In the message Che wrote: “Above all be sensitive, in the deepest areas of yourselves, to any injustice committed against whoever it may be anywhere in the world.” Watts quoted this without comment – choosing not to point out the outrageous irony that this plea for sensitivity to injustice was composed by a man who executed hundreds of political opponents in cold blood.

Watts’s piece ended with these sentences: “There is no chance he [Obama] will visit the Che Guevara Study Centre for a lesson in revolution. For Guevara that is a shame: ‘If Obama comes, he might learn something.’” For a journalist to close a piece like this with a quote like that is tantamount to handing over his article to the guy he’s writing about. It’s pretty disgraceful – but, then again, hardly an unprecedented move for The Guardian.

3 thoughts on “Romanticizing Che at The Guardian

  1. GREAT article!
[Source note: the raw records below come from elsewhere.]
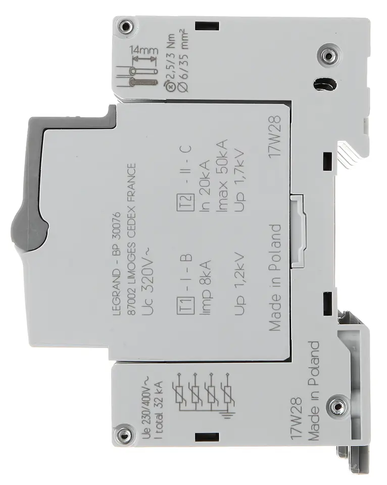 Urządzenie zabezpieczające, chroni urządzenia przed skutkami wyładowań atmosferycznych lub przepięciami pochodzącymi od sieci AC 230VUrządzenie LE-412253 przewidziane jest do montażu na szynie DIN TS-35
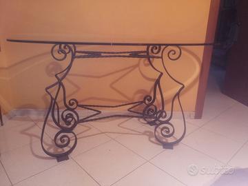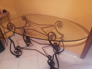 Tavolo in ferro battuto e cristallo molato spessore mm 15,misure 160x80, altezza 85
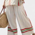 Súprava Stredozemné more Laika z bambusového ľanu s elegantnými červenými a zelenými pruhmi
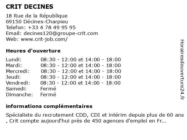 Termes de recherche pour CRIT DECINES:decines, crit |
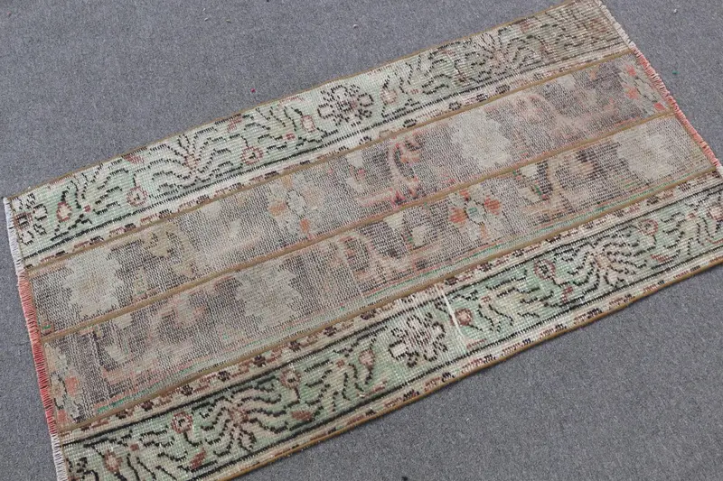 Turkish Rug, 2.3x4.4 ft Small Vintage Rug, Green Brown Oriental Rug
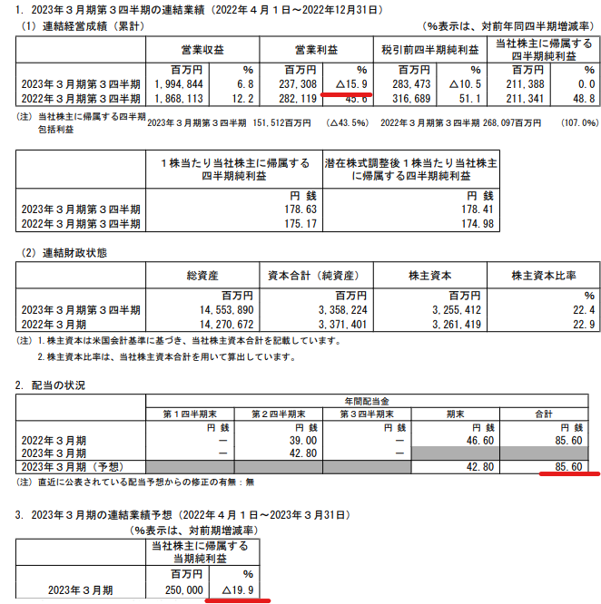 2023年度予想は減益
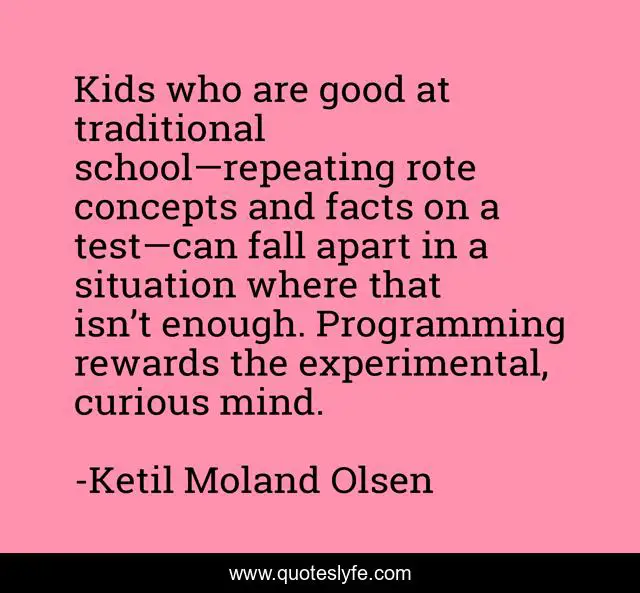 This page presents the quote "Kids who are good at traditional school—repeating rote concepts and facts on a test—can fall apart in a situation where that isn’t enough. Programming rewards the experimental, curious mind.". Author of this quote is Ketil Moland Olsen. This quote is about school, programming, children, learning,.
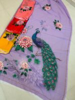 Be the first to review “hand work val and peacock design, weightless print saree kgm brand” Cancel reply
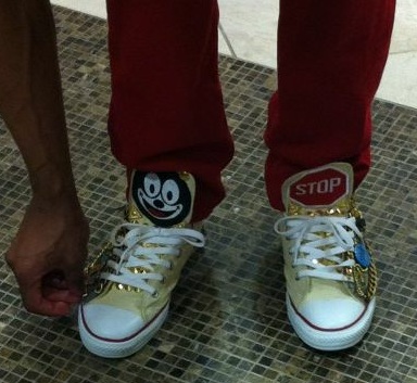 We were already used to seeing him wear red pants, crazy shirts, and nerd glasses, so the kicks were a new touch.
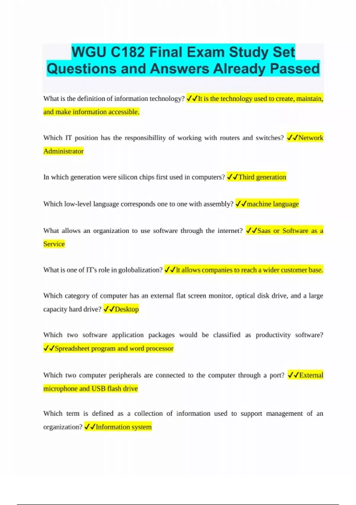 WGU C182 Final Exam Study Set most reliable for best scores
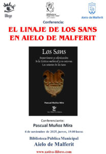 Aquest dijous 6 de novembre, a les 19 hores, la Biblioteca Pública Municipal d’Aielo de Malferit acollirà la conferència «El llinatge dels Sans d’Aielo de Malferit», a càrrec de l’historiador i investigador Pascual Muñoz Mira. L’acte s’inscriu en el marc del cicle cultural de la biblioteca i inclourà també la presentació de la seua obra Los Sans. Repartiment y colonización de la Xàtiva medieval y su entorno. Los señoríos de los Sans.
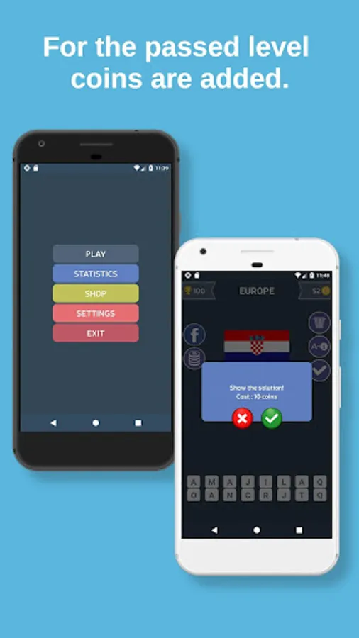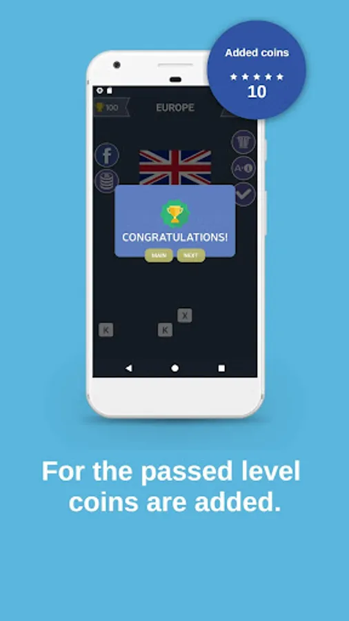 Flags Quiz is game full of fun that consists on guessing the names of hundreds of flags around the world. Advance thorough levels of difficulty and strive for the highest score possible. The more flags you guess the more coins you will earn. If you get stuck and don't know an answer, don't give up! use the coins you gathered to get hints or remove unnecessary letters. If you are still stuck try asking your friends on Facebook.
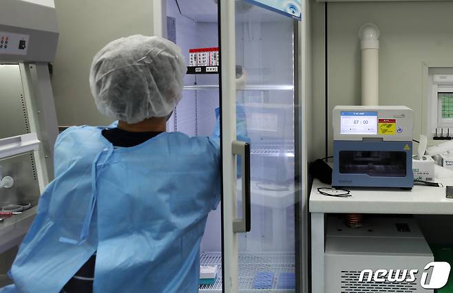 (서울=뉴스1) 사진공동취재단 = 28일 오전 '신속 자가분자진단 유전자증폭(신속 PCR)' 검사소가 마련된 서울 종로구 동성고등학교에서 의료진이 학생들에게 채취한 검체를 검사소 바로 옆에 위치한 이동형 검사실로 옮겨 코로나19 감염 여부를 확인하고 있다.
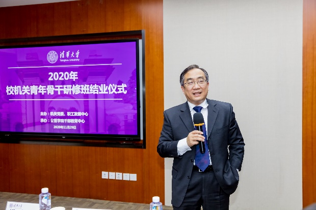 结业式上,来自校机关各职能部门和后勤系统的31位青年骨干分5小组进行了课题答辩。各小组就“如何提升师生员工对学校改革的认同感——以融合式教学改革为例”“职工队伍改革背景下的清华文化传承与发展”“8xbet.com‘导学思政’现状调研及优化建议”“加强服务文化建设,提升机关治理效能”“校机关后勤部门国际化能力建设的研究和思考”等课题的研究情况进行了汇报交流。
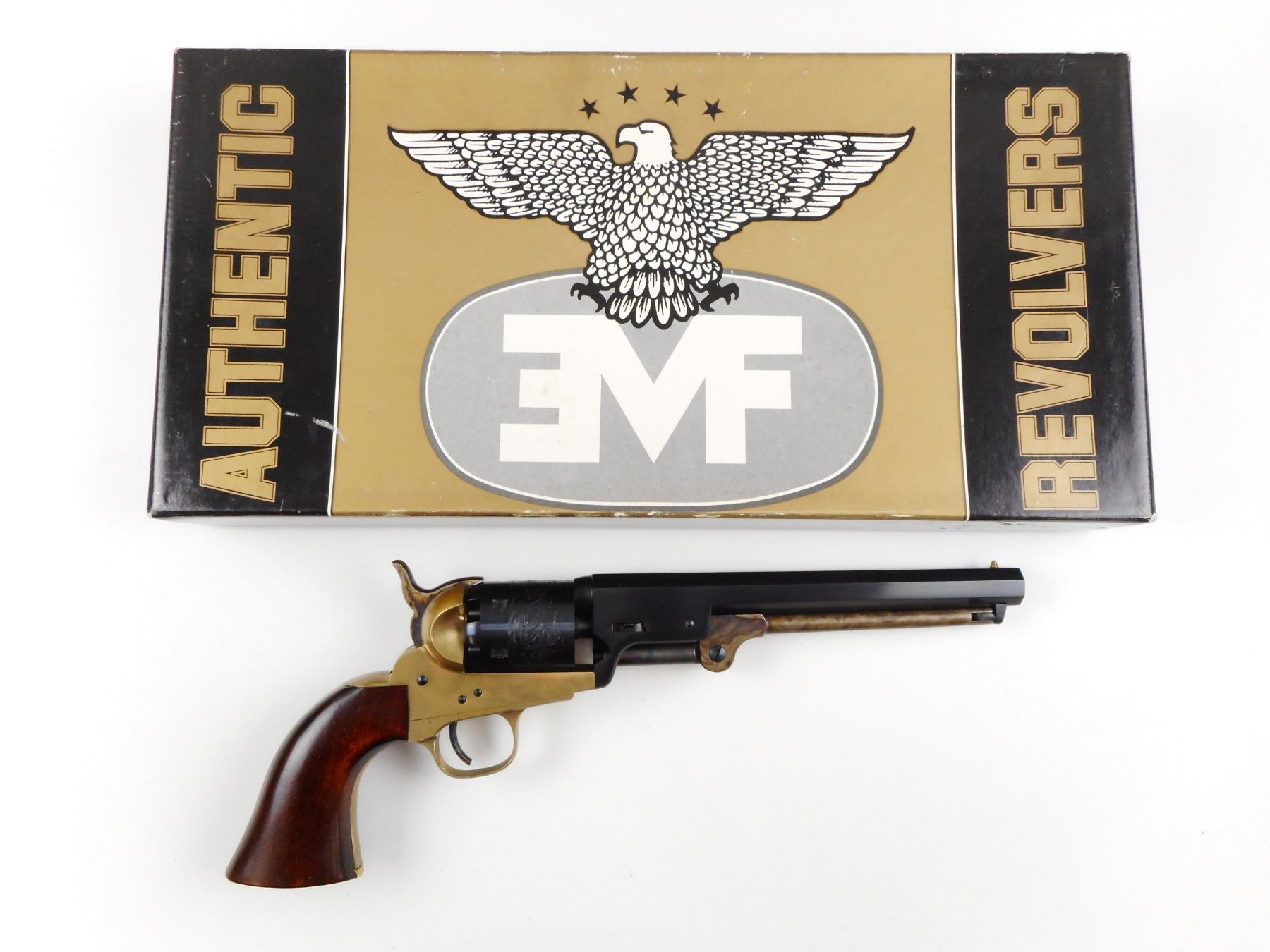 ARMI SAN MARCO , MODEL: COLT 1851 NAVY REPRODUCTION , CALIBER: 36 PERCUSSION , COMES WITH ORIGINAL BOX, 6 SHOT CAPACITY, BRASS BEAD FRONT SIGHT AND NOTCH HAMMER REAR SIGHT, BRASS FRAME, PLAIN WOOD GRIP PANELS, CASE HARDENED HAMMER AND RAMMER, HOLDS COCK, INDEXES WELL, ACTION IS TIGHT, SHOWS VERY LITTLE HANDLING MARKS , SERIAL # B64207 , STOCK # 4121 , ACTION: REVOLVER , BARREL LENGTH: 191MM , CONDITION: 8/10 , CLASS: CANADIAN RESTRICTED CLASS
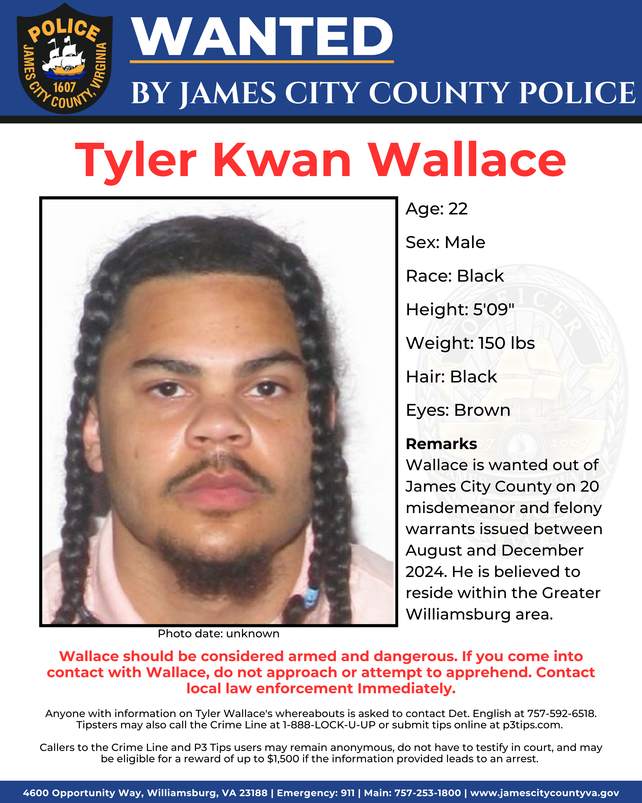 Wallace was wanted by the James City County Police Department for both misdemeanor and felony offenses, including Abduction, Assault and Battery Against a Family Member, Strangulation, Child Abuse and other violent crimes. The charges stem from incidents reported between August and December, and police said Wallace may be linked to additional offenses in the Hampton Roads Region.
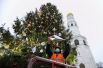 На Соборной площади Кремля украсили главную новогоднюю елку России. Ее срубили в подмосковном Наро-Фоминске 9 декабря и через несколько дней отправили в Москву. 96-летняя ель — высотой около 25 метров, с диаметром ствола в 60 сантиметров и размахом нижних ветвей в 10 метров. Елку оформили по мотивам сказки «Морозко», белыми, золотыми и серебряными игрушками.
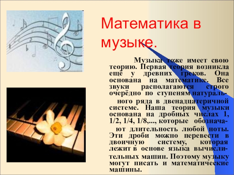 ного ряда в двенадцатеричной системе. Наша теория музыки основана на дробных числах 1, 1/2, 1/4, 1/8,..., которые обознача-
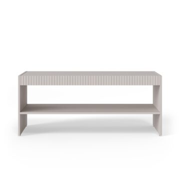 Značilnost klubske mizice PAXOS so njene utorjene sprednje strani v odtenku kašmirja, ki ji dajejo edinstven, razkošen videz. Nežni utori na površini zgornjega dela subtilno pritegnejo pogled in poudarjajo minimalističen, a prefinjen slog. Kontrastne črne kovinske noge dajejo obliki lahkotnost in sodoben značaj, hkrati pa zagotavljajo stabilnost in vzdržljivost.
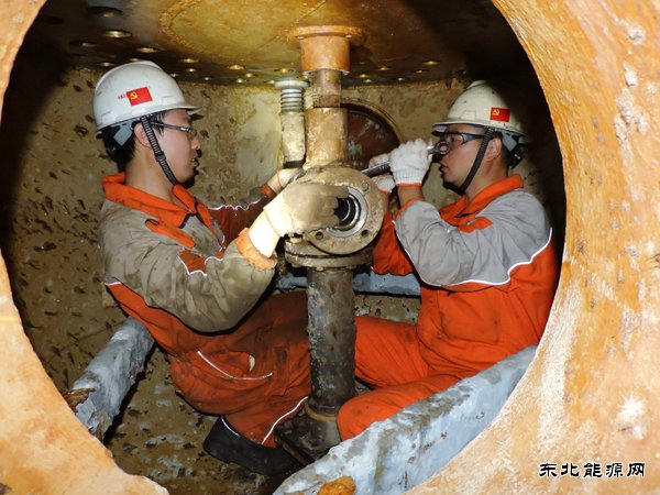 该油田党支部以党建引领提质增效,积极开展“党员在行动”活动,通过内部挖潜、整合资源完成自检自修项目90余项,节约外委维修费62万元。图为两名党员在进行海水滤器检修作业。(通讯员 欧阳建平 摄影报道)

Tired of those pricks at the Guardian getting away with their far-left propaganda masked as “news”. Burn it all down. Gawker’s going down. The rest will follow

  2. When there is war many innocent people sometimes are killed. Nagasaki & Hiroshima, just to name a few.

    The fact is Obama’s ballsy move to reach out to the Cuban people will be a highlight of his presidency. The rest of his term I won’t mention.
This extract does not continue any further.